I don’t think an API is the only output that we should provide for a search project. If we index things like high- and mid- level features (genres, bpm, key, etc) we should be able to generate graphs from this data too. We made some graphs a long time ago with some early data (http://blog.musicbrainz.org/2014/11/21/what-do-650000-files-look-like-anyway). It’d be cool to be able to automatically generate this kind of data in real-time. We had some success integrating kibana into the elasticsearch database to do this kind of thing.

An API would be useful in our Datasets project. We currently have to type in or copy MusicBrainz IDs into a text field to add songs to a class in the dataset. It would be cool to be able to search for a track by its name, or even search for a release or artist to add all matching recordings to a class.
This search could also match recordings which match certain tags. For example, we have tags on recordings in MusicBrainz which look like genres. Would we be able to say “find all recordings tagged with ‘rock’ and add them to the rock class in our genre dataset”?

Have you looked at the output of the lowlevel and highlevel feature extractors? What specific list of descriptors do you think would be a good idea to include in a search index? For each of these descriptors can you suggest one or two examples of why someone might want to search for these values, and what they would do with the results once they have them?

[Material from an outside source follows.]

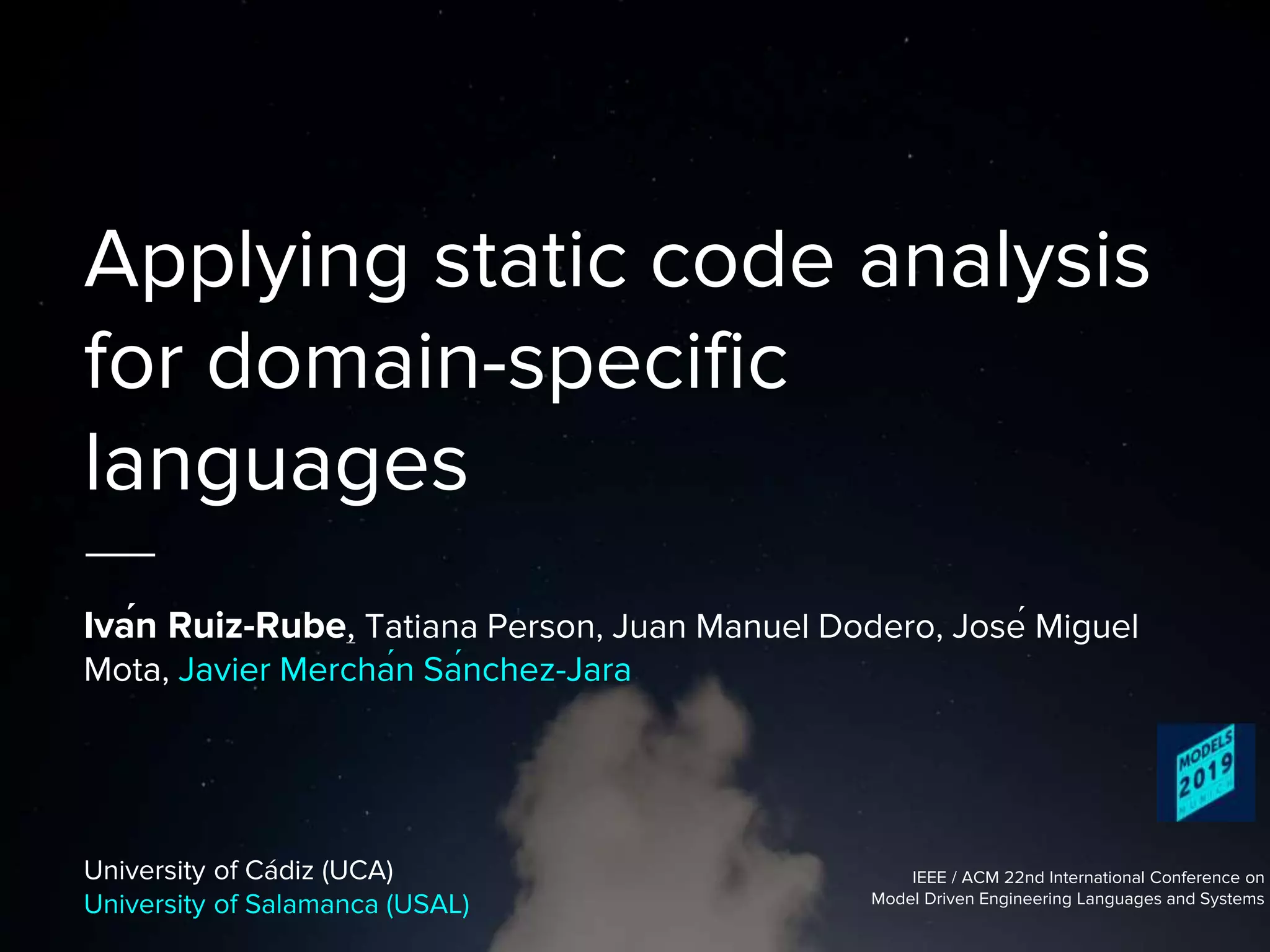 The document discusses applying static code analysis tools like SonarQube to analyze domain-specific languages (DSLs) developed using frameworks like Xtext. It presents a model-driven approach to automatically generate the code analyzers required by SonarQube from Xtext grammars. Case studies applying this to analyze algorithms in pseudocode and sheet music are described. Results found some correlation between manual and tool-based quality analysis, and musicians found the errors reported by the tool useful. Future work includes analyzing visual DSLs and model-driven development of augmented reality editors.

kartikgupta0909 · March 3, 2016, 11:09am

Other than API what I am thinking is that we can do something like a data warehousing, which will give the users a very deep insight into the data of acousticbrainz. I have had a look at the low level and high level feature (rather using similar features for my academic research), and they seem to be perfect for data warehousing. For eg: A user might want to see a view based on (genre,bpm) values. I am thinking of Materialising view selection, wherein only those views are materialized from which all other views can be materialized, and this will make possible for a user to see different graphs based on different features and they’ll have a very wide variety of graphs to choose from. This can be applied to mid level feature as applying them to low level might lead to a very large number of views which might not be even possible for us to store.
The above approach will actually help the user to see data in very different ways and a good insight into our data.
Putting search for dataset feature. This is one of the places where I thought of applying search in. Which creating a dataset, rather than putting MBID’s the user should be able to put some text search from which they should be to choose. This can be extended to all the mid level features. For eg: The user might want to create a class in a dataset where he wants to put all the songs with the key Cm, and another class where he puts all the songs of key Dm. So this will make usage of dataset very easy to use.

alastairp · March 11, 2016, 11:07am

Be careful about suggesting too many project ideas. You have some interesting thoughts, and they also reflect some of the ideas that we have had for the project, but you should give some concrete ideas if you want to discuss this project further.
This could include things like a particular use case of exploring data to end up at a particular value, or a description of the kind of data you want to show (e.g. you talk about graphs but don’t talk about the types of graphs or the data that you want to show).
If you want to continue with this idea, please be more detailed in the idea discussion.